# [TASK REQUIREMENTS]
Please return each entry that follows exactly as written, and keep the pictures out.

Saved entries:
*** Block opens ***
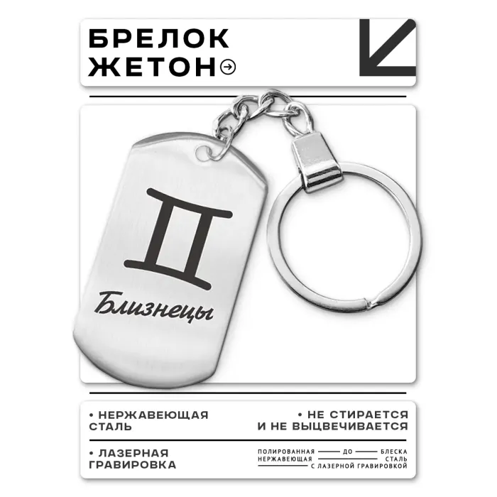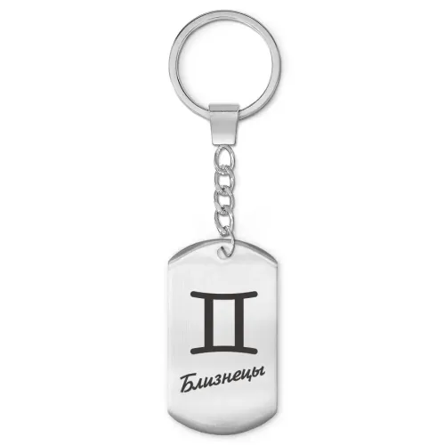 Брелок-амулет из нержавеющей стали с лазерной гравировкой знака зодиака Близнецы.
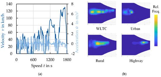 (a) Exemplary time–speed map; (b) exemplary probability of operation points for different driving cycles in a torque–speed map (WLTC: worldwide harmonized light vehicles test procedure).
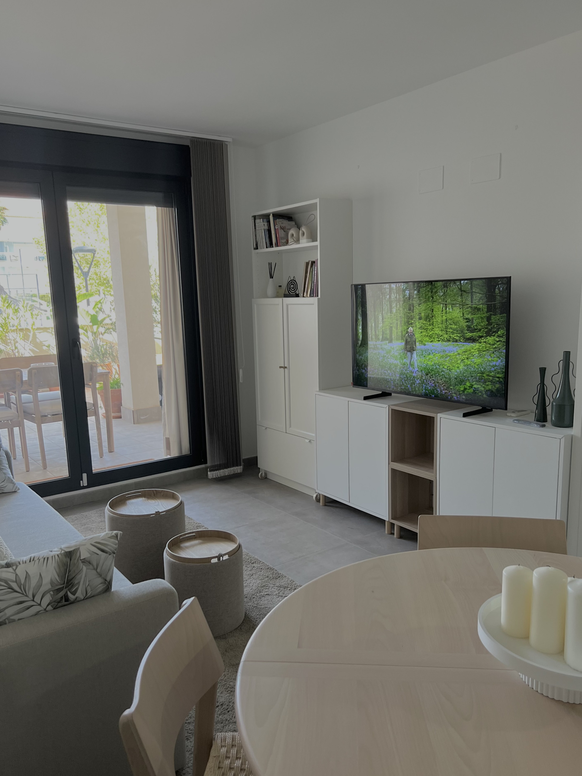 Dispone de jardín, mobiliario jardín, terraza, plancha, acceso internet (wifi), calefacción bomba de calor, aire acondicionado solo en salón, piscina comunitaria+infantil, parking aire libre en mismo edificio, Televisión, tv satelite (Idiomas: Español, Inglés).
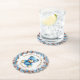 Blue and brown yarn crocheted teddy bear. it's a boy baby shower paper coasters. Adorable trendy theme for a sweet boy's baby shower.
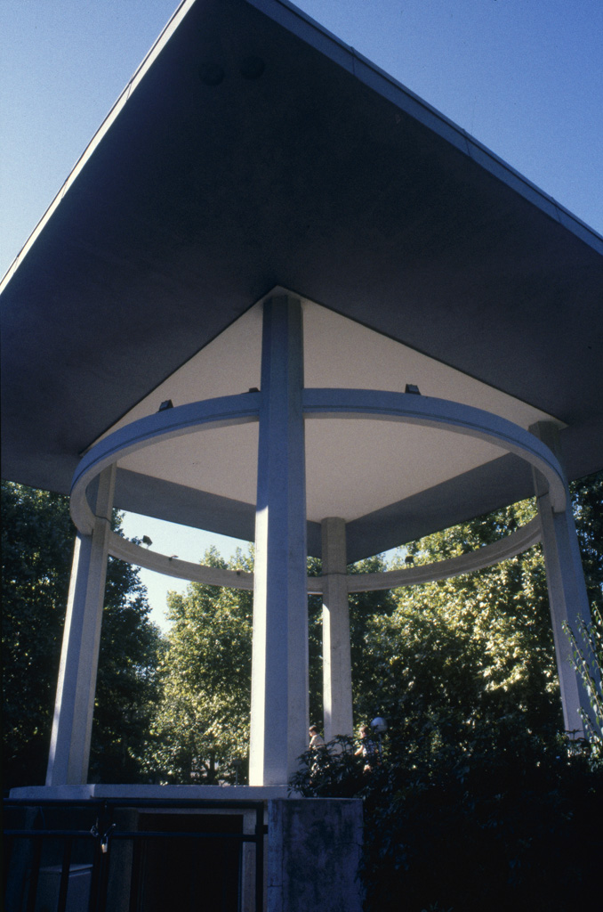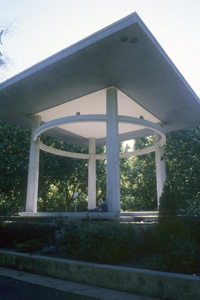 Kiosque à musique, entièrement en béton armé. Sur un podium, quatre colonnes cannelées supportent une couverture en terrasse horizontale. Une poutre circulaire, raidit l'ensemble, aux trois quart des colonnes. Cet anneau servait aussi de support à un rideau amovible fermant l'arrière de la scène. Sur les faces du podium s'adossaient des escaliers donnant accès à la scène ou aux locaux techniques se trouvant sous le podium, des jardinières et une fontaine ayant un décor céramique, des dauphins en céramique bleue crachant de l'eau qui, d'après Georges Dezeuze, auraient été commandées à Josep Llorens Artigas (1892-1980).
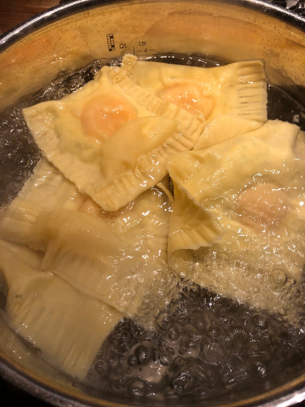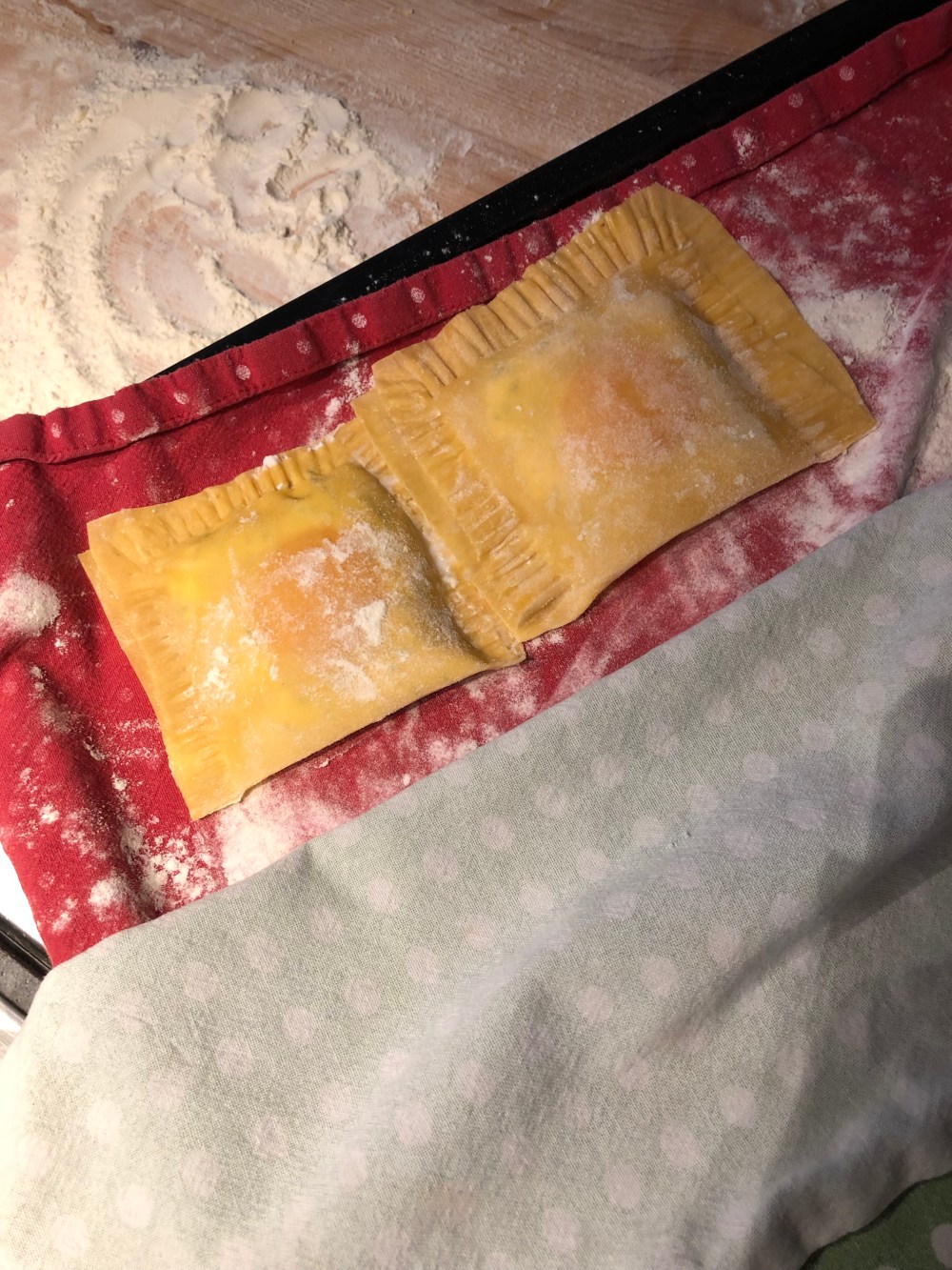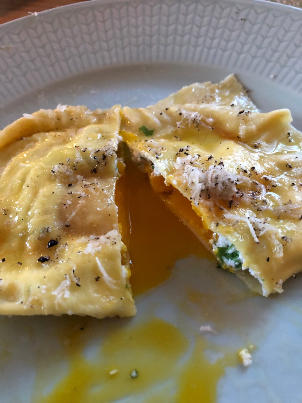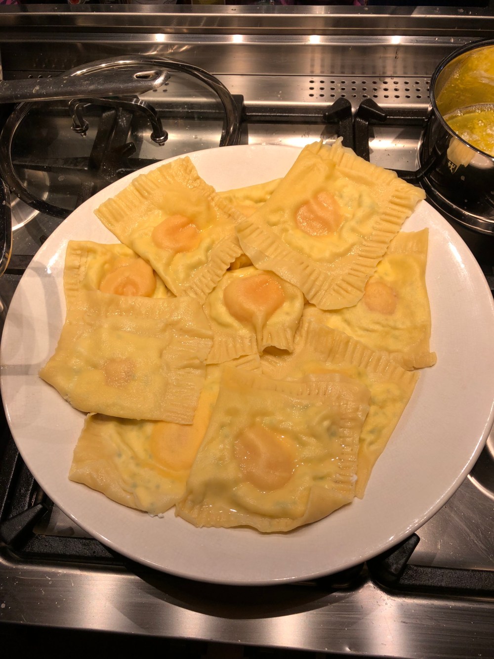 Detta recept är något jag fantiserat om att göra länge, men den kommer nog att bli bättre med vit tryffel. Det var dock väldigt gott och man kan göra den utan tryffel. Det låter som det är lite mat, men två raviolis gjorde mig lagom mätt. Det var också ganska pyssligt men det är det värt.
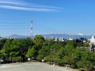 今日は、4月22日(木)です。校舎4階の「スペース4」から見る、いつもの見慣れた風景です。この新年度が始まるころからは、空気中の水分が多くなるからでしょうか、遠くの山々が、あまりくっきりと見えることがなくなってきます。でも、今日は久しぶりに空気が澄んでいて、丹沢、道志の山々、奥多摩から奥秩父、そして残雪の富士山がきれいに、くっきりと見えていました。それだけで何だかうれしくなってしまいました。
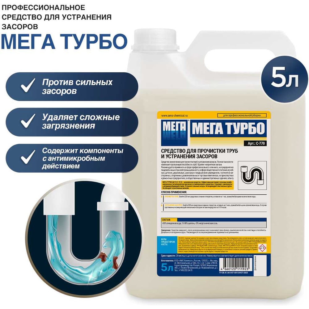 Средство для прочистки и устранения засоров Мега ТУРБО С 770
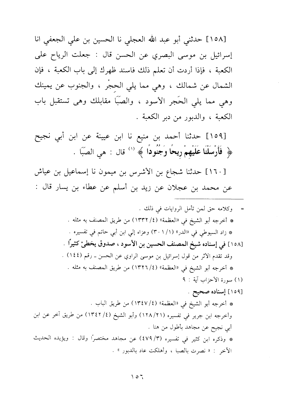 159 - حَدَّثَنَا أَحْمَدُ بْنُ مَنِيعٍ، نا ابْنُ عُيَيْنَةَ، عَنِ ابْنِ أَبِي نَجِيحٍ: " {§فَأَرْسَلْنَا عَلَيْهِمْ رِيحًا وَجُنُودًا} [الأحزاب: 9] قَالَ: هِيَ الصَّبَا "
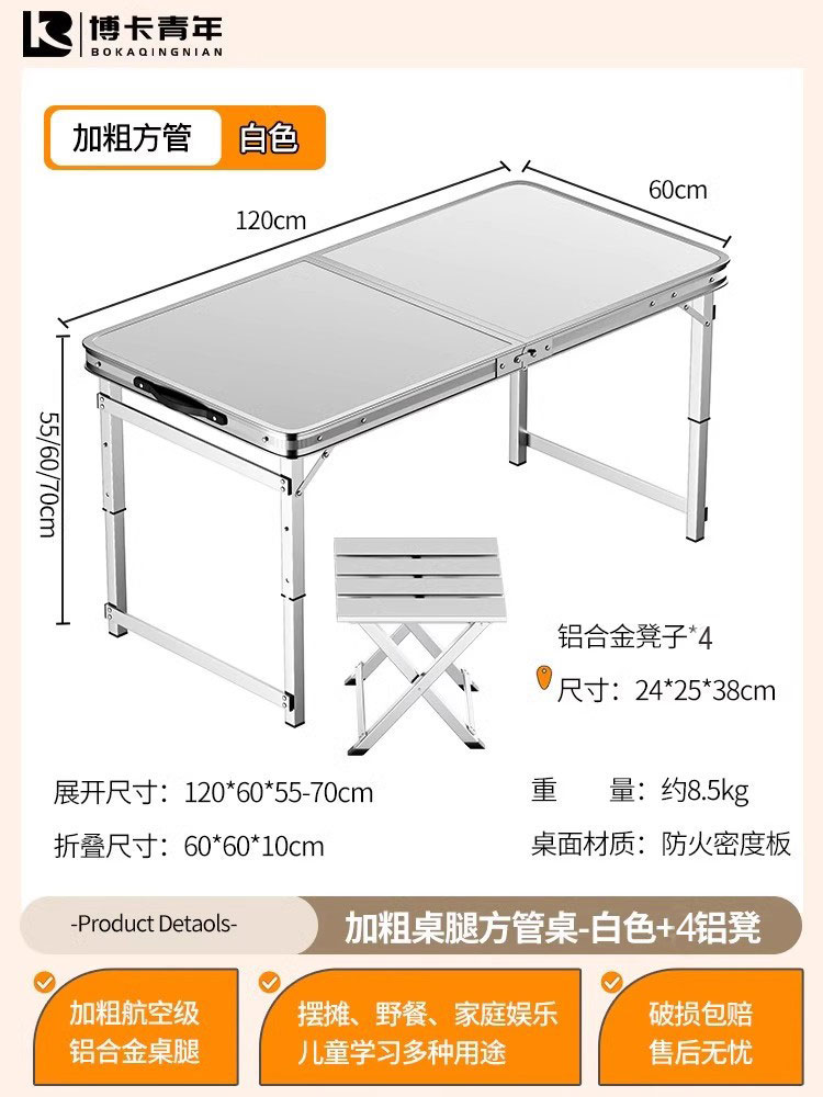 • [업그레이드 된 알루미늄 합금 사각 튜브] 120*60cm 흰색 + 알루미늄 의자 4개
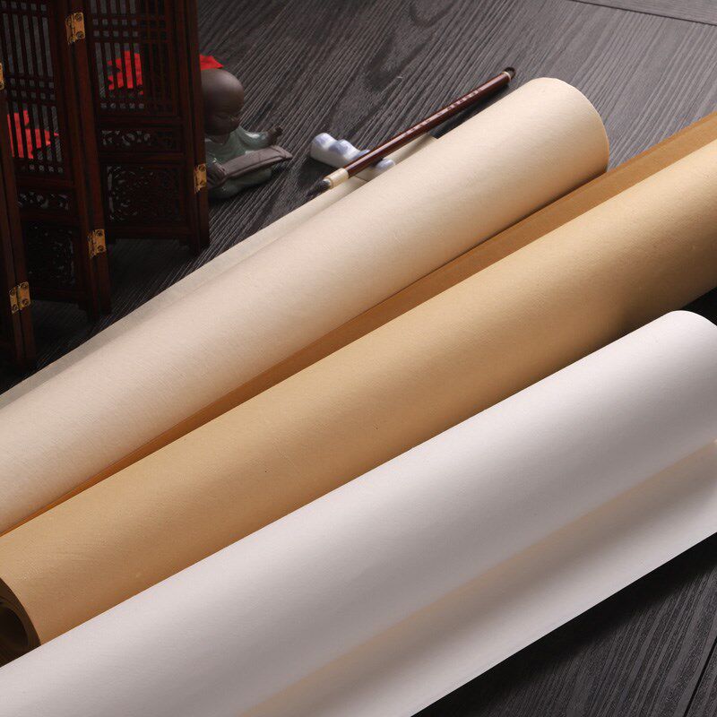 加厚100米仿古长卷宣纸书法专用练字卷轴半生半熟字画毛笔字软笔中国画白描空白练习作品纸工笔画美术国展纸
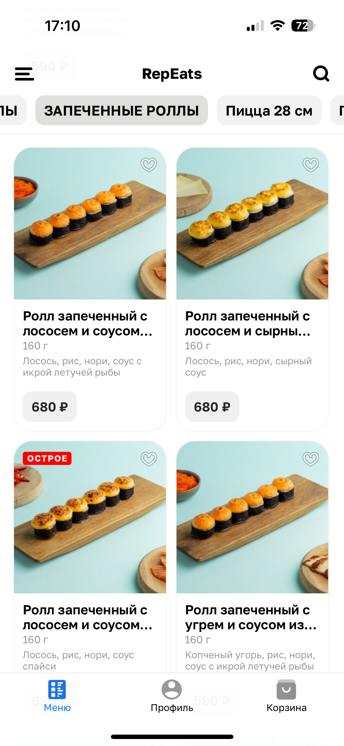 Королевский ролл с лососем и угрем; Ролл, запеченный с креветкой и сыром пармезан; Ролл, запеченный с угрем и луком фри; Темпура-тако с угрем, Ролл "Лосось и соленая карамель"; Запеченные суши: с лососем 2 шт., с тунцом 2 шт., с угрем 2 шт., с гребешком 2 шт.
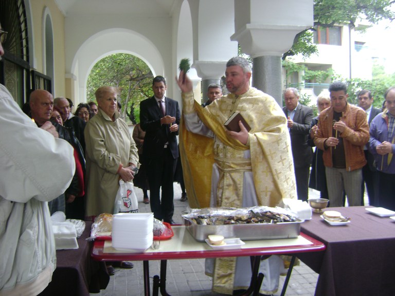 След тържествената служба ритуалната храна бе осветена и раздадена на миряните. На всеки голям празник вие правите благодеяние в нашия храм, каза отец Лазар, който благослови курбана.
*** Block closes ***
# [ANSWER TO THE EXERCISE]
 Брелок-амулет из нержавеющей стали с лазерной гравировкой знака зодиака Близнецы.
 (a) Exemplary time–speed map; (b) exemplary probability of operation points for different driving cycles in a torque–speed map (WLTC: worldwide harmonized light vehicles test procedure).
 Dispone de jardín, mobiliario jardín, terraza, plancha, acceso internet (wifi), calefacción bomba de calor, aire acondicionado solo en salón, piscina comunitaria+infantil, parking aire libre en mismo edificio, Televisión, tv satelite (Idiomas: Español, Inglés).
 Blue and brown yarn crocheted teddy bear. it's a boy baby shower paper coasters. Adorable trendy theme for a sweet boy's baby shower.
 Kiosque à musique, entièrement en béton armé. Sur un podium, quatre colonnes cannelées supportent une couverture en terrasse horizontale. Une poutre circulaire, raidit l'ensemble, aux trois quart des colonnes. Cet anneau servait aussi de support à un rideau amovible fermant l'arrière de la scène. Sur les faces du podium s'adossaient des escaliers donnant accès à la scène ou aux locaux techniques se trouvant sous le podium, des jardinières et une fontaine ayant un décor céramique, des dauphins en céramique bleue crachant de l'eau qui, d'après Georges Dezeuze, auraient été commandées à Josep Llorens Artigas (1892-1980).
 Detta recept är något jag fantiserat om att göra länge, men den kommer nog att bli bättre med vit tryffel. Det var dock väldigt gott och man kan göra den utan tryffel. Det låter som det är lite mat, men två raviolis gjorde mig lagom mätt. Det var också ganska pyssligt men det är det värt.
 今日は、4月22日(木)です。校舎4階の「スペース4」から見る、いつもの見慣れた風景です。この新年度が始まるころからは、空気中の水分が多くなるからでしょうか、遠くの山々が、あまりくっきりと見えることがなくなってきます。でも、今日は久しぶりに空気が澄んでいて、丹沢、道志の山々、奥多摩から奥秩父、そして残雪の富士山がきれいに、くっきりと見えていました。それだけで何だかうれしくなってしまいました。
 Средство для прочистки и устранения засоров Мега ТУРБО С 770
 159 - حَدَّثَنَا أَحْمَدُ بْنُ مَنِيعٍ، نا ابْنُ عُيَيْنَةَ، عَنِ ابْنِ أَبِي نَجِيحٍ: " {§فَأَرْسَلْنَا عَلَيْهِمْ رِيحًا وَجُنُودًا} [الأحزاب: 9] قَالَ: هِيَ الصَّبَا "
 • [업그레이드 된 알루미늄 합금 사각 튜브] 120*60cm 흰색 + 알루미늄 의자 4개
 加厚100米仿古长卷宣纸书法专用练字卷轴半生半熟字画毛笔字软笔中国画白描空白练习作品纸工笔画美术国展纸
 Королевский ролл с лососем и угрем; Ролл, запеченный с креветкой и сыром пармезан; Ролл, запеченный с угрем и луком фри; Темпура-тако с угрем, Ролл "Лосось и соленая карамель"; Запеченные суши: с лососем 2 шт., с тунцом 2 шт., с угрем 2 шт., с гребешком 2 шт.
 След тържествената служба ритуалната храна бе осветена и раздадена на миряните. На всеки голям празник вие правите благодеяние в нашия храм, каза отец Лазар, който благослови курбана.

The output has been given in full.